Went back this morning and got a few more hutches and meds......ill get a good pick tomorrow with the sun light. In the mean time i thought would ask if anyone has ever dug a DR. MORRIS DaCOSTAS RADICAL CURE, SYRUP OF TAR bottle, i dug one this morn and cant find much on it?????Thanks in advance


----------



## KBbottles (Aug 1, 2010)

Awesome stuff man!!!  That Newark bottle sounds cool!  Great meeds, hutches and everything else!


----------



## THE BADGER (Aug 2, 2010)

hey raider,sorry we didnt hook up still need to dig together.


----------



## buzzkutt033 (Aug 2, 2010)

i don't recall seeing that type of Horn druggist either.........  

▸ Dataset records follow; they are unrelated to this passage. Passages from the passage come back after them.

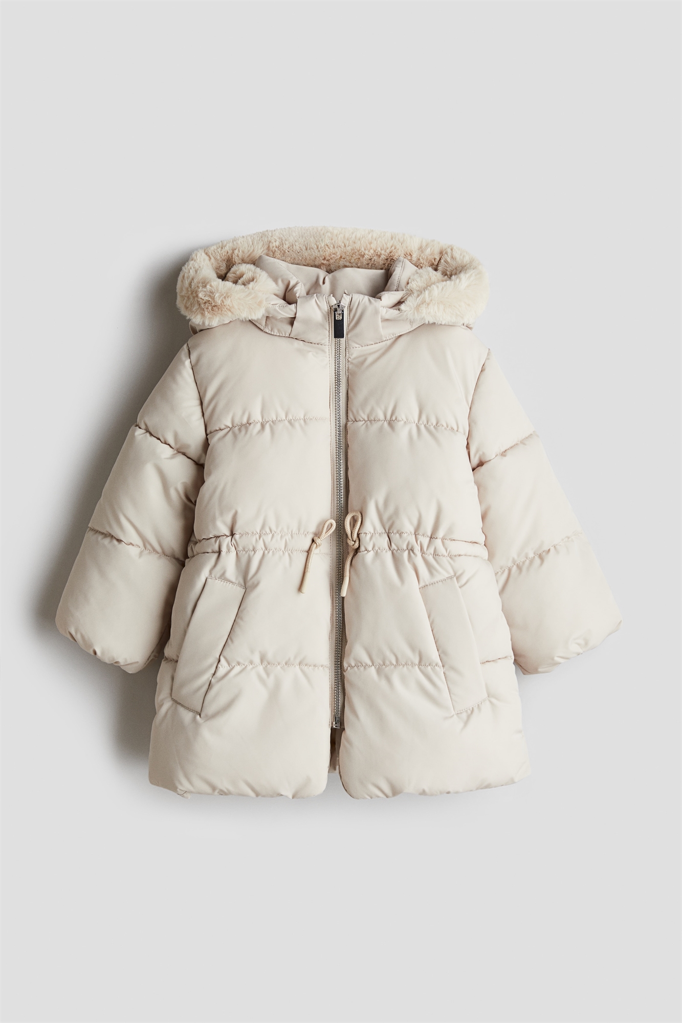 Пуховая куртка с мягкой подкладкой и съемным капюшоном с ворсовой подкладкой. Воротник-стойка, застежка-молния спереди и эластичные манжеты со складками. Затягивающаяся талия и передние карманы. На подкладке.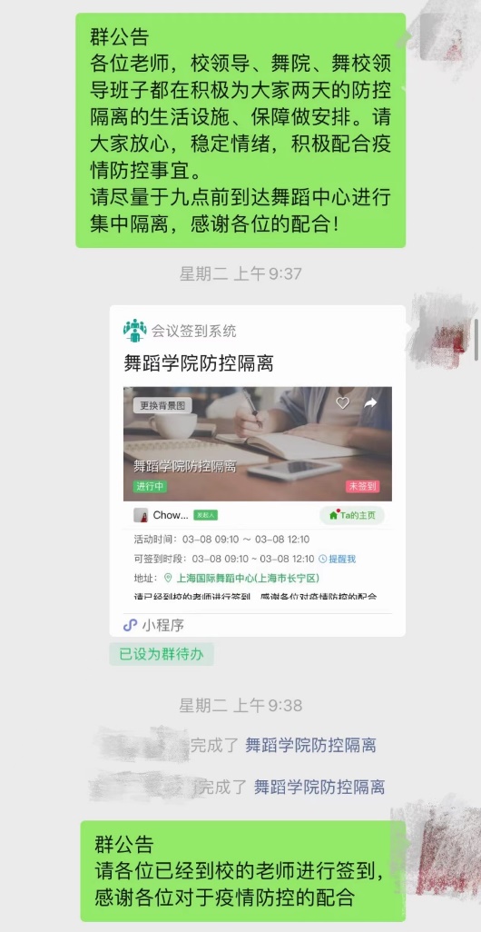 在封控期间,校领导班子、校疫情防控小组、教师工作部也向舞蹈学院发来了慰问,关心教职工在48小时内的情况与需求,并积极安排落实,解决实际困难。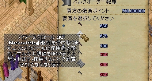ちょっと鍛冶のバルクで貰えるパワスクなんかをどんどんもらったりしています。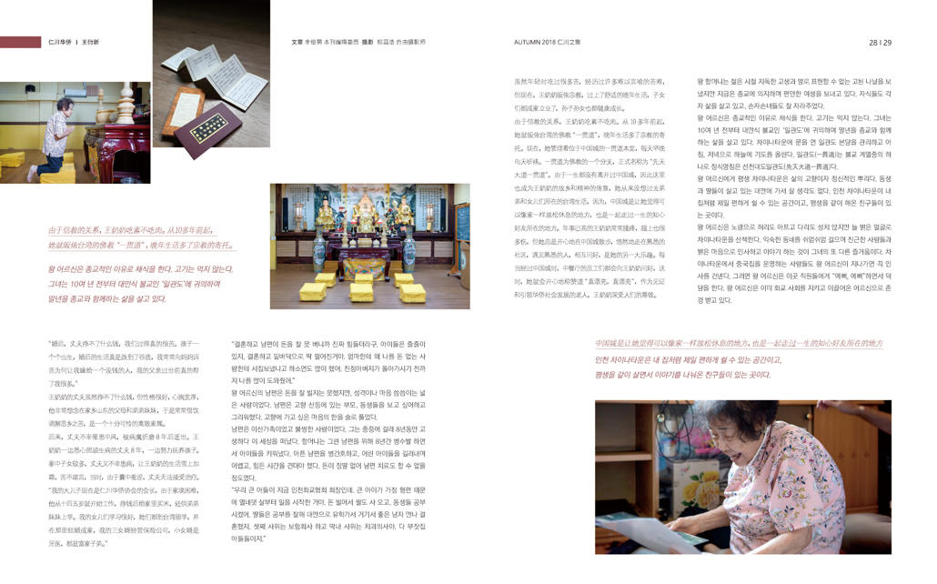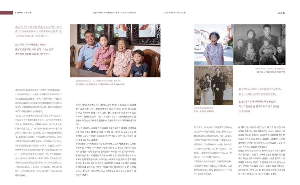 2018年《仁川之窗》秋季刊记录了华侨出身的王连信老人的真挚人生故事。在中国城出生的他,除因生计曾在朱安生活过两年外,从未真正离开过中国城。《仁川之窗》通过这位亲历了从日本殖民统治时期直至今日历史变迁的见证人,向读者传递了深切的感动。同时,他对仁川的深厚情感,也足以成为在仁川出生和成长的市民们的榜样。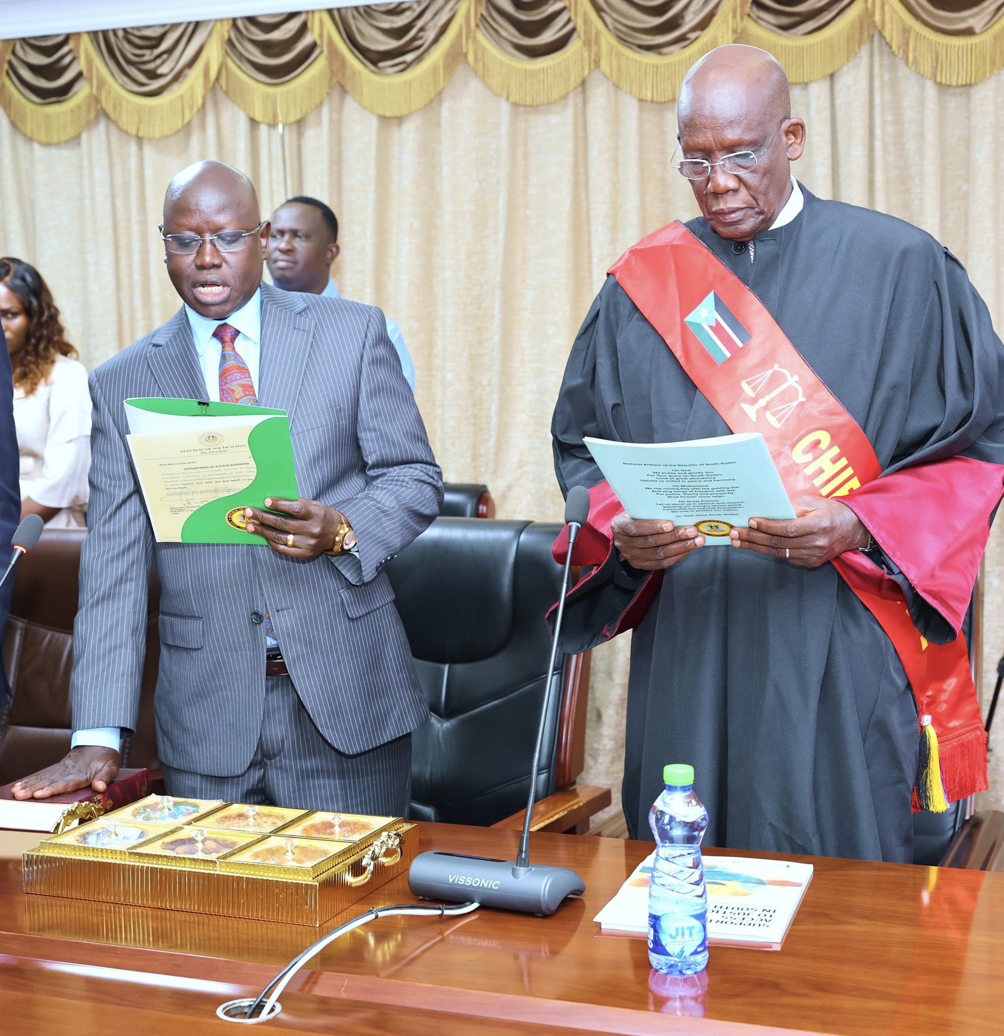 In a new step to enhance peace and stability in Warrap State, Ambassador Bol Wek Agoth was officially sworn in this morning before President Salva Kiir Mayardit to assume his duties as the new governor of the state.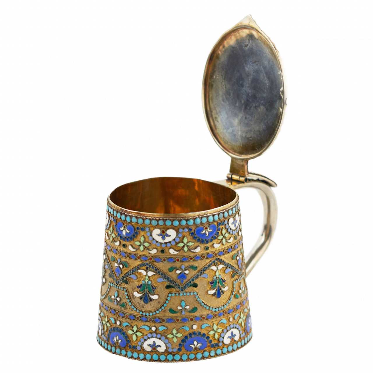 Tasse russe en émail cloisonné en argent de style néo-russe. 20ième siècle. Silver 84 Cloisonné enamel Gilding Neo-Russian 20th century

 the dacosta cures are pretty common, although it's certainly possible
  it's some variant....... see if you can pull a couple elk head horlachers or 
 one of those neat greenish slatington ponies.... good luck fella !!!

 jim


----------



## Raider2152 (Aug 2, 2010)

WHats up buzz, yeah i fgot a couple elk heads and 1 slatington pony jr&fr i think is on it. I like the radical cure bottle alot though never dug one i was assuming they were common though.


----------



## beendiggin (Aug 2, 2010)

Nice old stuff there...love getting meds.


----------